I. Is it possible to binary classify eye movements during picture description into two cognitive states (MCI and not MCI) with an accuracy higher than baseline and with a significance level of 0.05?

II. Can eye tracking technique from a multi level perspective be practically implemented in Swedish healthcare?

IV. METHOD

To investigate eye movements of patients with MCI, the work was done in collaboration with a project called EACare.

(5)

The EACare project aims to develop a system that can detect dementia in early stage using social robotics and ML. Via this project, the study was granted access to eye tracking data of patients with MCI, collected by doctors at the Karolinska Institute. The provided eye tracking data was collected from 14 patients, 6 diagnosed with some form of cognitive impairment and 8 as healthy.

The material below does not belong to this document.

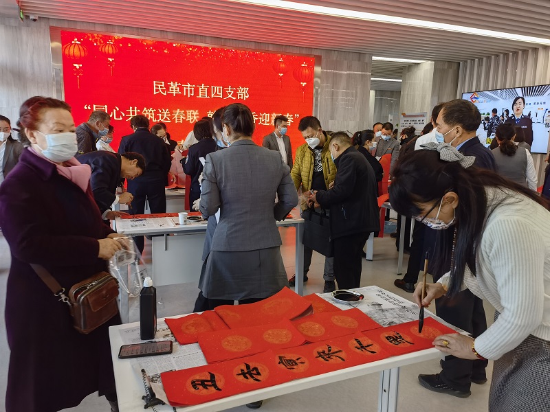 活动现场,气氛热烈,民革党员中的书法家个个激情满怀,挥毫泼墨,将浓浓的新春祝福凝聚在笔端,一个个大气的“福”字,一副副满载祝福、寓意吉祥的春联,表达了浓浓的情意和真诚的祝福,前来领取春联的群众络绎不绝,不到2个小时,300多副春联就送到现场群众手中。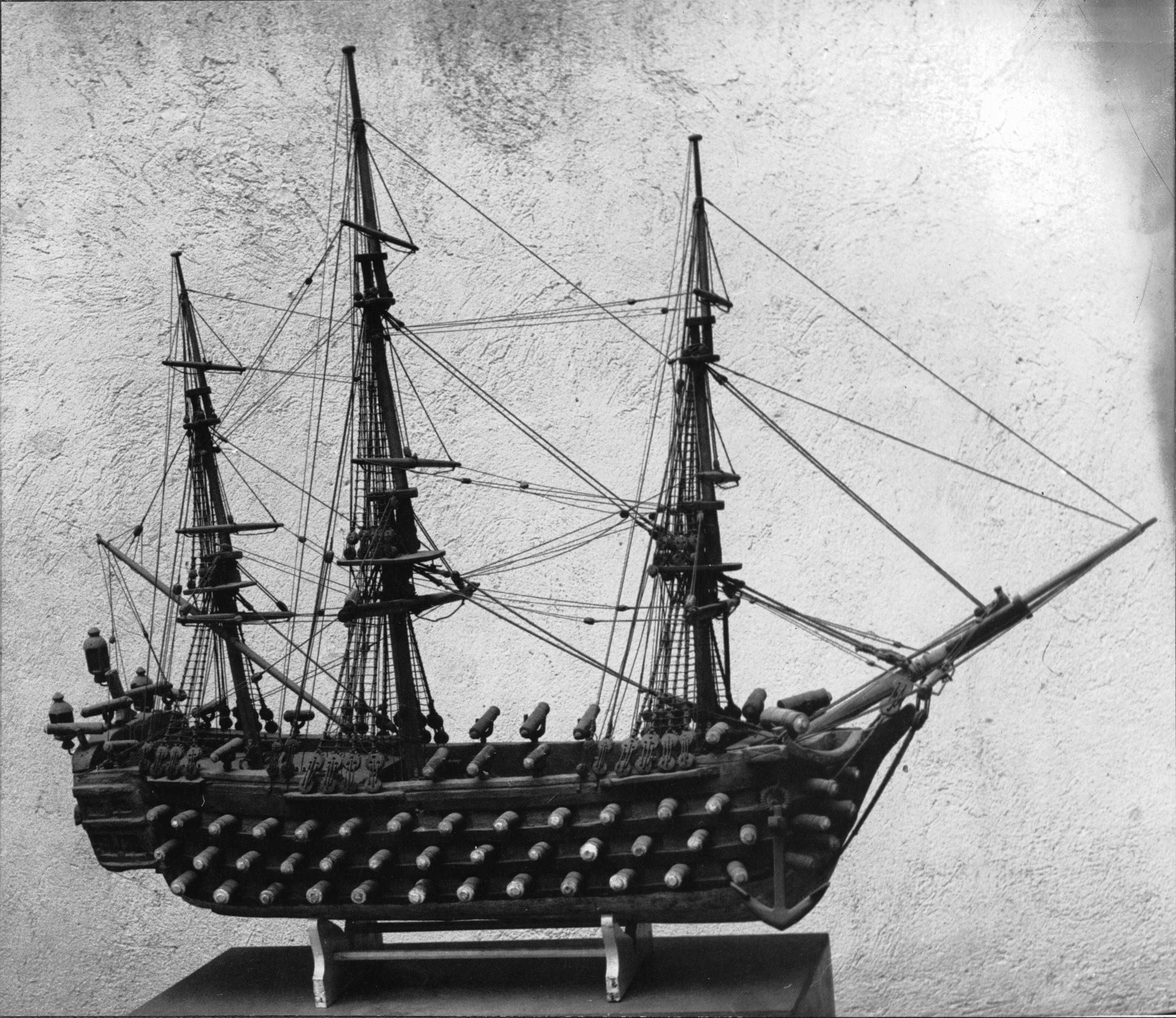 Modell av ett linjeskepp från 1782, styrbordssidan. Göteborgs sjöfartsmuseum.

To detect significant differences in eye movements due to cognitive impairment, an ML algorithm that solves binary classification problems was used. More specifically, Binary Logistic Regression (BLR) was applied in order to classify the eye tracking data into the two states; normal eye movement behavior (0) or symptoms of MCI (1). The raw data set, the data processing method, and the BLR classification is described below.

A. Raw data set

The data from the Karolinska Institute was collected with a Tobii Pro Nano device, which is a screen-based eye tracker that captures eye tracking data at 60 Hz. The output for each datapoint is unprocessed and includes information of timestamp, gaze position, pupil diameter, gaze vector and validity code for each eye (Tobii Pro Nano description webpage, 2018). The gaze position describes the coordinates in 2D on the screen in the Active Display Coordinate System (ADCS). The gaze vector describes a vector in 3D in the User Coordinate System (UCS). The origin vector makes it possible to calculate the angular velocity between two gaze positions. The validity code is binary and decides whether or not to include the data point.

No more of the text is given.